The special issue consists of seven papers. The first three papers focus on the definition and evaluation of techniques, based on device clock frequency reduction and turning off of links and nodes, for the power consumption saving in wired networks. The next three papers introduce and evaluate management schemes and technological solutions for reducing the power consumption in wireless networks. Finally, the last paper investigates the use of optical technologies in reducing the power consumption of switching nodes. Brief summaries of the accepted articles are listed below.

Design of a traffic-aware governor for green routers” by A. Lombardo et al. focuses on routers that achieve energy saving by applying the frequency scaling approach. The authors propose an analytical model to support designers in choosing the main configuration parameters of the Router Governor in order to meet Quality of Service requirements while maximizing energy saving gain. A case study based on the open NetFPGA Reference Router is considered to show how the proposed model can be easily applied to a real case scenario.

Evaluation of power saving and feasibility study of migrations solutions in a virtual router network” by V. Eramo et al. evaluates how the migration of virtual routers can lead to an energy saving. The mechanism consists in migrating virtual routers in fewer physical nodes when the traffic decreases allowing for a power consumption saving.
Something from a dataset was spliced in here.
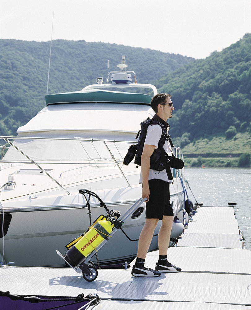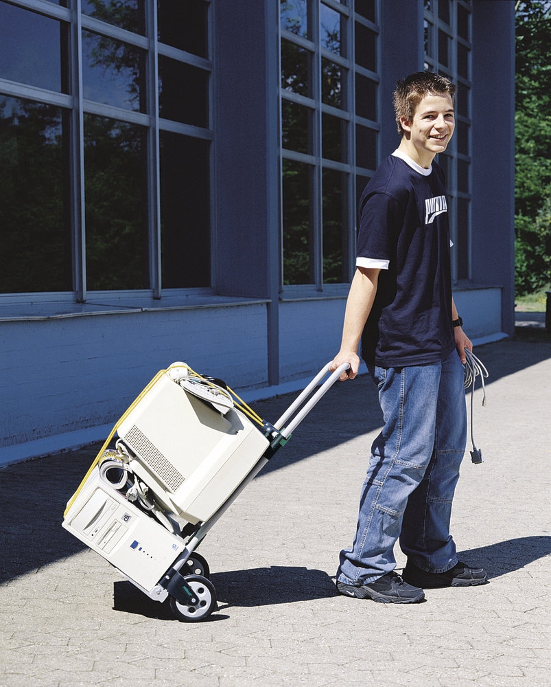 Το καρότσι αλουμινίου TS 600 της Wolfcraft , χάρη στις πτυσσόμενες ρόδες και στα ελατήρια ανοίγει εύκολα με μια απλή λαβή.

After formulating the problem of minimizing the power consumption as a Mixed Integer Linear Programming, a heuristic is proposed to evaluate the power saving in real network and traffic scenarios. The authors also perform a feasibility study by means of an experimental testbed to evaluate the migration time of a routing plane based on QUAGGA routing software.

Facing the reality: validation of energy saving mechanisms on a testbed” by E. Tego et al. focuses on the implementation of some techniques allowing for the turning off of router interfaces. Investigations on packet lost and delay are performed by means of an experimental testbed. The authors show that it is possible to dynamically adapt the network configuration to the changing load with no impact on packet loss and little increase in packet delay.

Energy-aware base stations: the effect of planning, management and femto layers” by G. Koutitas et al. investigates algorithms and techniques that can be applied on cellular networks to provide offered traffic proportional power consumption. Three different planning strategies and Base Station management schemes are used to investigate potential energy savings in the network. Furthermore, the paper shows how the introduction of a femtocell layer can improve energy saving, Quality of Service, and coverage providing more degrees of freedom to the mobile operator to adapt the power consumption in real time.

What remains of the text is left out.